Malta is among the first European countries to sign an agreement with China to partner with the country to implement its President’s vision of the ‘One Belt One Road’ project, the government announced on Tuesday in a brief statement that put this as another great move for Malta.
The government described the memorandum of understanding on the ‘One Belt One Road’ project as an “initiative to bring together different agreements. It signals to Chinese companies that, for the Chinese government, Malta is a good country to invest in with respect to European Union regulations”.The government must have felt the need to explain what the project was because it was nowhere on Malta’s agenda until it was a done deal. But government consultant Shiv Shankaran Nair – blacklisted by the World Bank twice – has been promoting the ‘One Belt One Road’ initiative for a while.
This is what Shiv Nair said about the ‘One Belt One Road’ Programme in an article he wrote in December 2017: “Chinese money has been quietly buying friends and influencing people. In Malta, the Chinese committed almost €300 million to buy 30% of the bankrupt State power utility, while in Greece they snapped up 40% of the strategic port of Piraeus. Hungary, the bad boy of the EU, has been chosen as a key logistics hub on the trans-Siberian link.”

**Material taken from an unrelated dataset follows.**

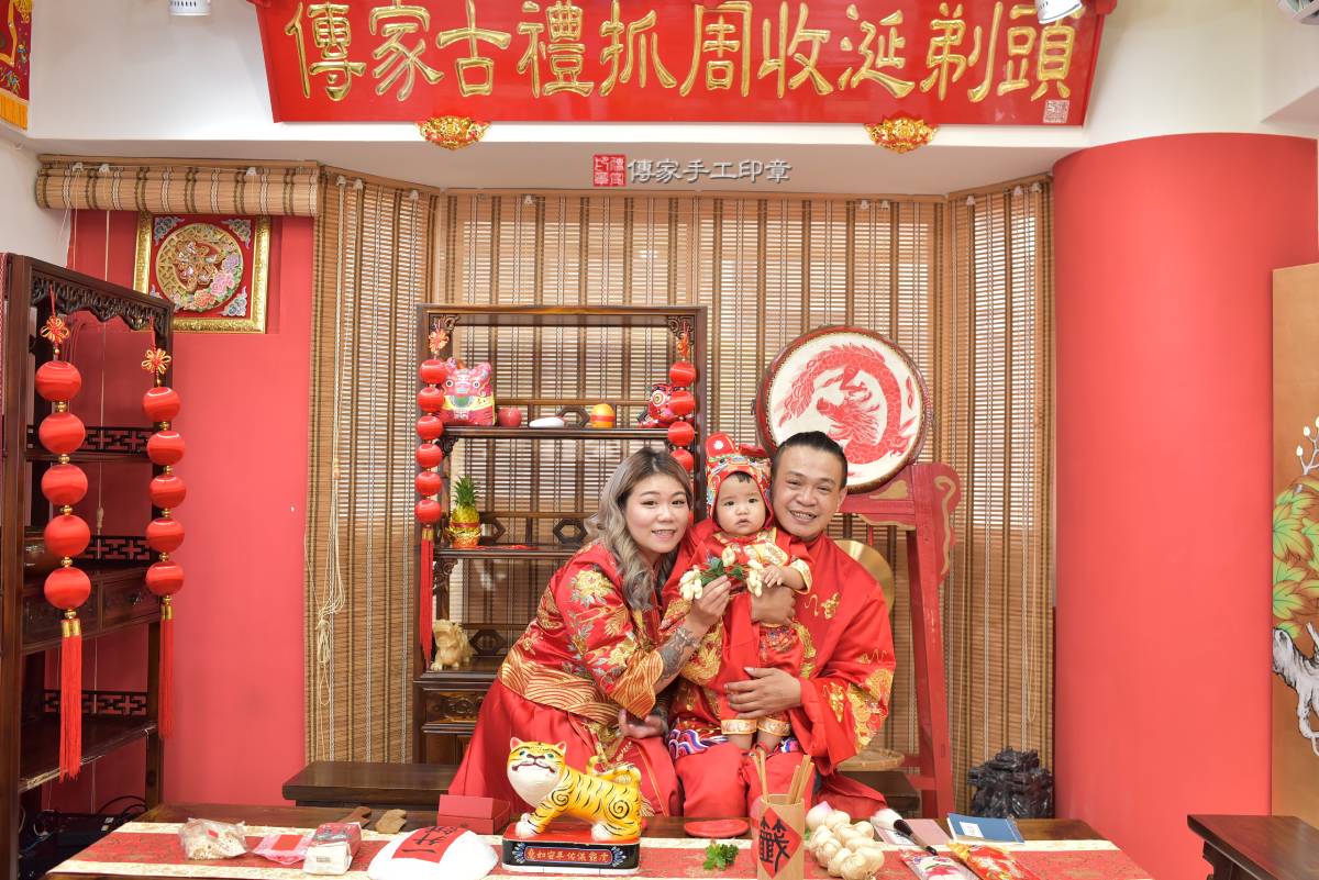 高雄市鳳山區陳寶寶抓周推薦:傳家高雄店抓周度脺中國風會場,嬰兒古禮抓周流程儀式吉祥話、抓周道具物品24種、拍照。抓周證書。2023.07.18

Five years ago Chinese President Xi Jinping began promoting a network of Chinese-financed roads, pipelines, ports, power plants and other infrastructure across Asia, the Middle East, Africa and Europe. It is the Chinese President’s master plan to project Chinese power, influence and trade across much of the world.
“Back then, the idea sold itself. China had unmatched skill at building mega projects, and limitless pools of capital with which to fund them. The shine has since come off,” Bloomberg states.
Malaysia has suspended or canceled Chinese projects worth more than $22 billion, and Malaysians recently threw out their ruling party, for the first time, because of anger about Chinese encroachment. Leaders in Sri Lanka and the Maldives have fallen for similar reasons.
Thailand and even Pakistan (one of China’s closest allies) have criticised Chinese lending terms. And Myanmar has severely scaled back a $10 billion port scheme.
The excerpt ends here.